**Aim of the exercise:**
Leave every image out, and print the remaining lines below exactly.

**Input records:**
==*==

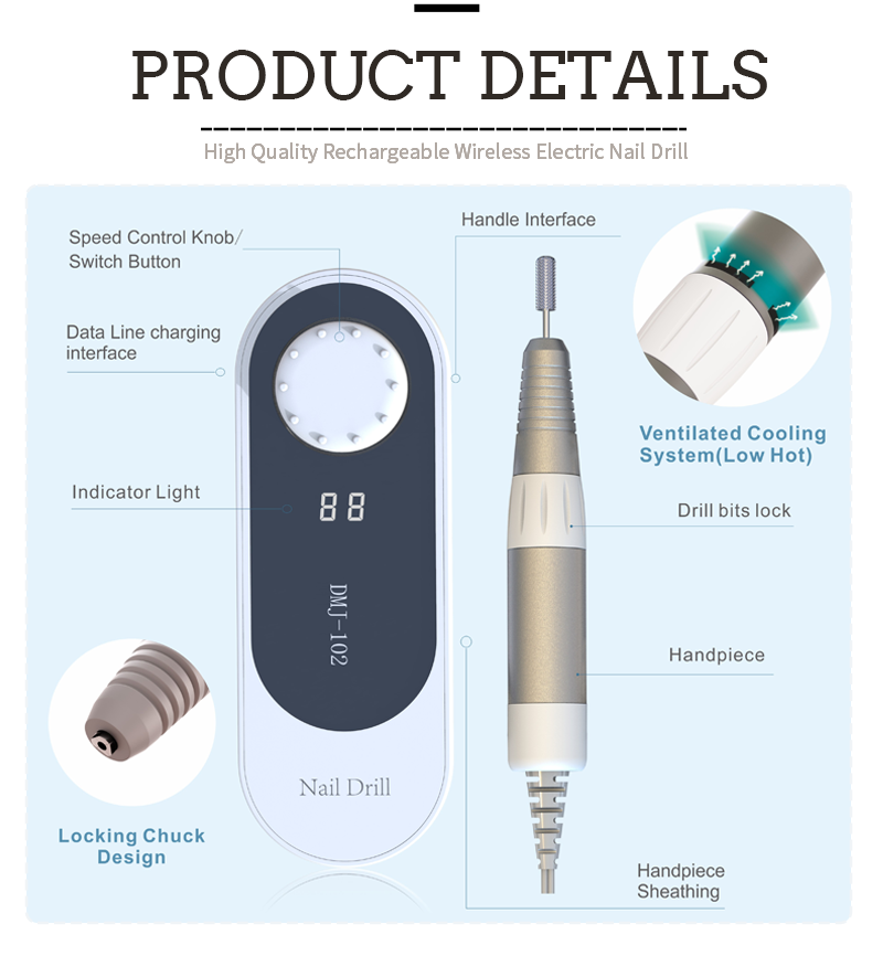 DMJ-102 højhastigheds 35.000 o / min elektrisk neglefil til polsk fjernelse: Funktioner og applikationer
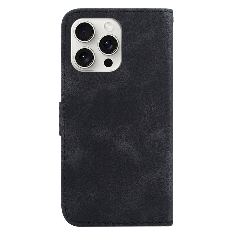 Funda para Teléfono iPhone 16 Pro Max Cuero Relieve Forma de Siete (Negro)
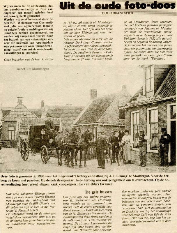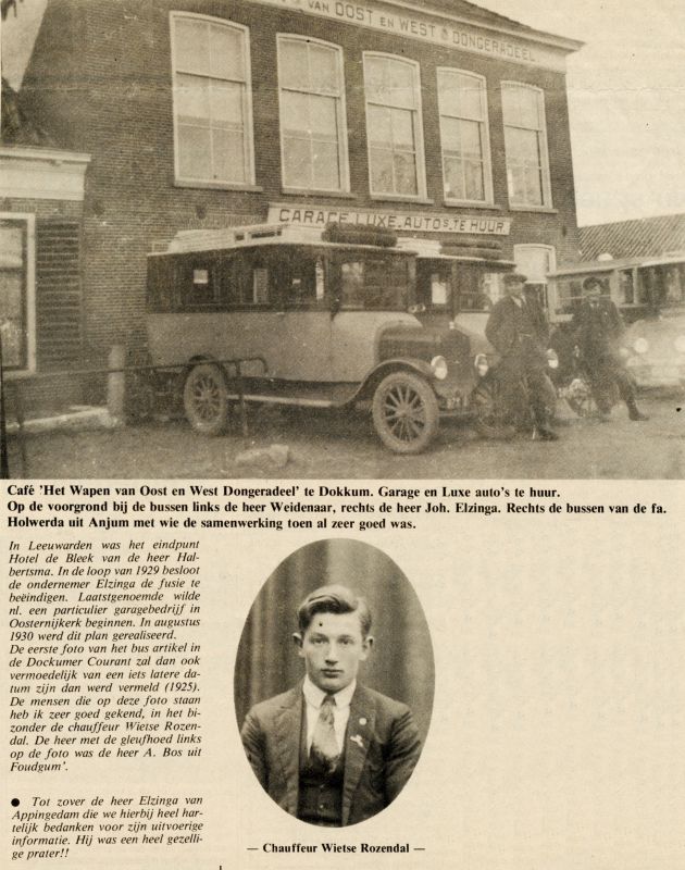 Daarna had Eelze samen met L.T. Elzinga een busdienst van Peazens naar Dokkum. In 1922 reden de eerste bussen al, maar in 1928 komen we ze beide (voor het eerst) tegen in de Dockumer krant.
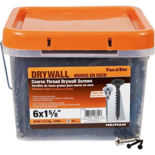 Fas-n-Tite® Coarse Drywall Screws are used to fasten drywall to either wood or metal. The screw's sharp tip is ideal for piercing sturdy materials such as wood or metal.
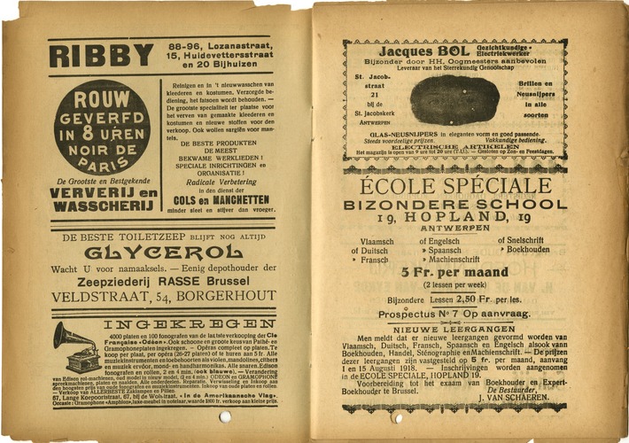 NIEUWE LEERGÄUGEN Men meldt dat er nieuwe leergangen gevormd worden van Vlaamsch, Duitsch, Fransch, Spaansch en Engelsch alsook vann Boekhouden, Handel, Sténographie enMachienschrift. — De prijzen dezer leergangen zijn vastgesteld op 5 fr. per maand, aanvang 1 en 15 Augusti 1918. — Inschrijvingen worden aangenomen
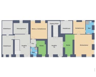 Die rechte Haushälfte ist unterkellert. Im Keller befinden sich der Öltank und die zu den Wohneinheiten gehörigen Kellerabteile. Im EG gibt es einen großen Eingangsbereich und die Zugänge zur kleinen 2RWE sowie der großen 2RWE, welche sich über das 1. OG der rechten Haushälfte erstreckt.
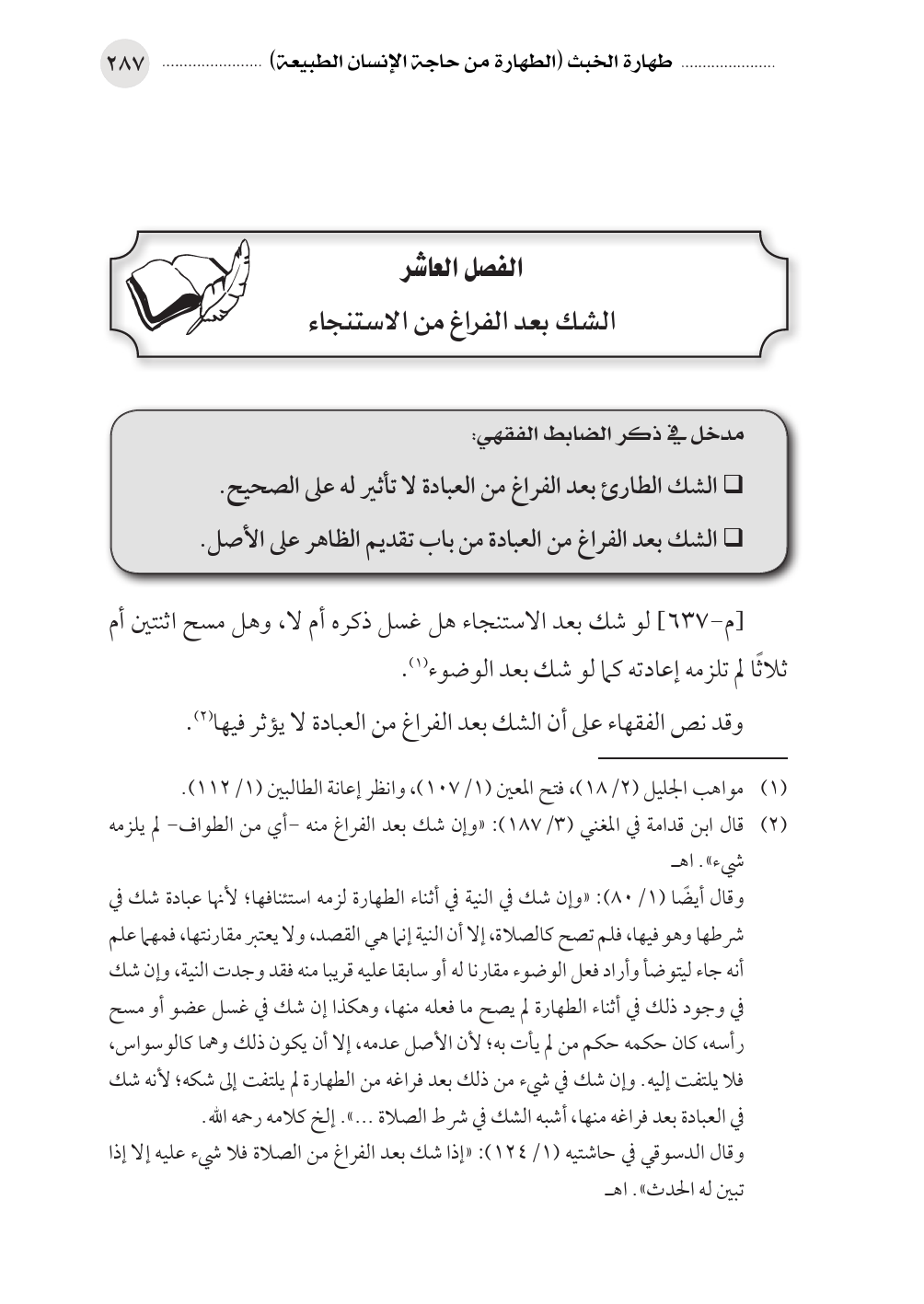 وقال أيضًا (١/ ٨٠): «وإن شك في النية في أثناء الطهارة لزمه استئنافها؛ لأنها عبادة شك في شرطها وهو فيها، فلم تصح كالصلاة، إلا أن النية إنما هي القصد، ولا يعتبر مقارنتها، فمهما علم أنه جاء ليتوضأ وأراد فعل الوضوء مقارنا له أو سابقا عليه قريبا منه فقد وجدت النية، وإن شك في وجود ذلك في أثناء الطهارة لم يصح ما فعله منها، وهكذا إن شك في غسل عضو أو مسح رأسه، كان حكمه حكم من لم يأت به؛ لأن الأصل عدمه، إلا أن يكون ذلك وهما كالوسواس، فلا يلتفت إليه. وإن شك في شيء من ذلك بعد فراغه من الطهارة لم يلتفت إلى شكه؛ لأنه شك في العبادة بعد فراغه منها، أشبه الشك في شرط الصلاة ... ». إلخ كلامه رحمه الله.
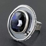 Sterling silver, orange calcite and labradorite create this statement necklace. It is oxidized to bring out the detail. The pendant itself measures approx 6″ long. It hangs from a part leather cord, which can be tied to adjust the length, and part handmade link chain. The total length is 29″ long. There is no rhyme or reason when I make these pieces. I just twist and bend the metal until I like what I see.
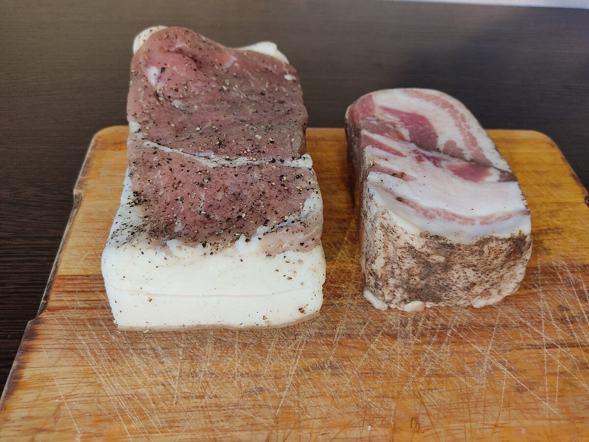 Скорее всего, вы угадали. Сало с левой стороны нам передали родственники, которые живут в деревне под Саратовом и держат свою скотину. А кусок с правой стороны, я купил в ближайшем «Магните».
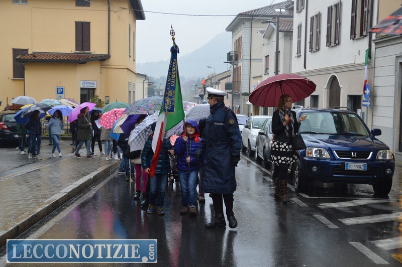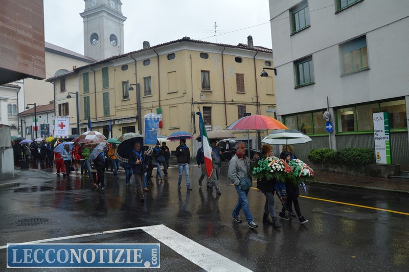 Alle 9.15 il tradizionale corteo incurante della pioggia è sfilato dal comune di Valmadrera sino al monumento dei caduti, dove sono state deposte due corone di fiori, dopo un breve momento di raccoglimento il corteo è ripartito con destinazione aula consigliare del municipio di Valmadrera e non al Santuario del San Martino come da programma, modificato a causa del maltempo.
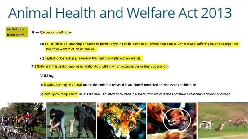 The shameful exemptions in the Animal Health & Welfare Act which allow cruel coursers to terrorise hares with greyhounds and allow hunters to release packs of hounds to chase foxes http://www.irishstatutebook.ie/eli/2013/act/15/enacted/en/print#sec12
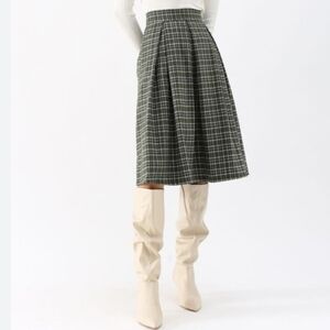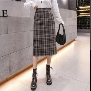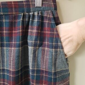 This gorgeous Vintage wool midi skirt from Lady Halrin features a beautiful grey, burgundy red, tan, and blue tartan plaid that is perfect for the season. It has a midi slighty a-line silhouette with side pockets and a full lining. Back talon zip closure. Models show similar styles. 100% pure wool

==*==

**Your solution:**
 DMJ-102 højhastigheds 35.000 o / min elektrisk neglefil til polsk fjernelse: Funktioner og applikationer
 Funda para Teléfono iPhone 16 Pro Max Cuero Relieve Forma de Siete (Negro)
 Daarna had Eelze samen met L.T. Elzinga een busdienst van Peazens naar Dokkum. In 1922 reden de eerste bussen al, maar in 1928 komen we ze beide (voor het eerst) tegen in de Dockumer krant.
 Fas-n-Tite® Coarse Drywall Screws are used to fasten drywall to either wood or metal. The screw's sharp tip is ideal for piercing sturdy materials such as wood or metal.
 NIEUWE LEERGÄUGEN Men meldt dat er nieuwe leergangen gevormd worden van Vlaamsch, Duitsch, Fransch, Spaansch en Engelsch alsook vann Boekhouden, Handel, Sténographie enMachienschrift. — De prijzen dezer leergangen zijn vastgesteld op 5 fr. per maand, aanvang 1 en 15 Augusti 1918. — Inschrijvingen worden aangenomen
 Die rechte Haushälfte ist unterkellert. Im Keller befinden sich der Öltank und die zu den Wohneinheiten gehörigen Kellerabteile. Im EG gibt es einen großen Eingangsbereich und die Zugänge zur kleinen 2RWE sowie der großen 2RWE, welche sich über das 1. OG der rechten Haushälfte erstreckt.
 وقال أيضًا (١/ ٨٠): «وإن شك في النية في أثناء الطهارة لزمه استئنافها؛ لأنها عبادة شك في شرطها وهو فيها، فلم تصح كالصلاة، إلا أن النية إنما هي القصد، ولا يعتبر مقارنتها، فمهما علم أنه جاء ليتوضأ وأراد فعل الوضوء مقارنا له أو سابقا عليه قريبا منه فقد وجدت النية، وإن شك في وجود ذلك في أثناء الطهارة لم يصح ما فعله منها، وهكذا إن شك في غسل عضو أو مسح رأسه، كان حكمه حكم من لم يأت به؛ لأن الأصل عدمه، إلا أن يكون ذلك وهما كالوسواس، فلا يلتفت إليه. وإن شك في شيء من ذلك بعد فراغه من الطهارة لم يلتفت إلى شكه؛ لأنه شك في العبادة بعد فراغه منها، أشبه الشك في شرط الصلاة ... ». إلخ كلامه رحمه الله.
 Sterling silver, orange calcite and labradorite create this statement necklace. It is oxidized to bring out the detail. The pendant itself measures approx 6″ long. It hangs from a part leather cord, which can be tied to adjust the length, and part handmade link chain. The total length is 29″ long. There is no rhyme or reason when I make these pieces. I just twist and bend the metal until I like what I see.
 Скорее всего, вы угадали. Сало с левой стороны нам передали родственники, которые живут в деревне под Саратовом и держат свою скотину. А кусок с правой стороны, я купил в ближайшем «Магните».
 Alle 9.15 il tradizionale corteo incurante della pioggia è sfilato dal comune di Valmadrera sino al monumento dei caduti, dove sono state deposte due corone di fiori, dopo un breve momento di raccoglimento il corteo è ripartito con destinazione aula consigliare del municipio di Valmadrera e non al Santuario del San Martino come da programma, modificato a causa del maltempo.
 The shameful exemptions in the Animal Health & Welfare Act which allow cruel coursers to terrorise hares with greyhounds and allow hunters to release packs of hounds to chase foxes http://www.irishstatutebook.ie/eli/2013/act/15/enacted/en/print#sec12
 This gorgeous Vintage wool midi skirt from Lady Halrin features a beautiful grey, burgundy red, tan, and blue tartan plaid that is perfect for the season. It has a midi slighty a-line silhouette with side pockets and a full lining. Back talon zip closure. Models show similar styles. 100% pure wool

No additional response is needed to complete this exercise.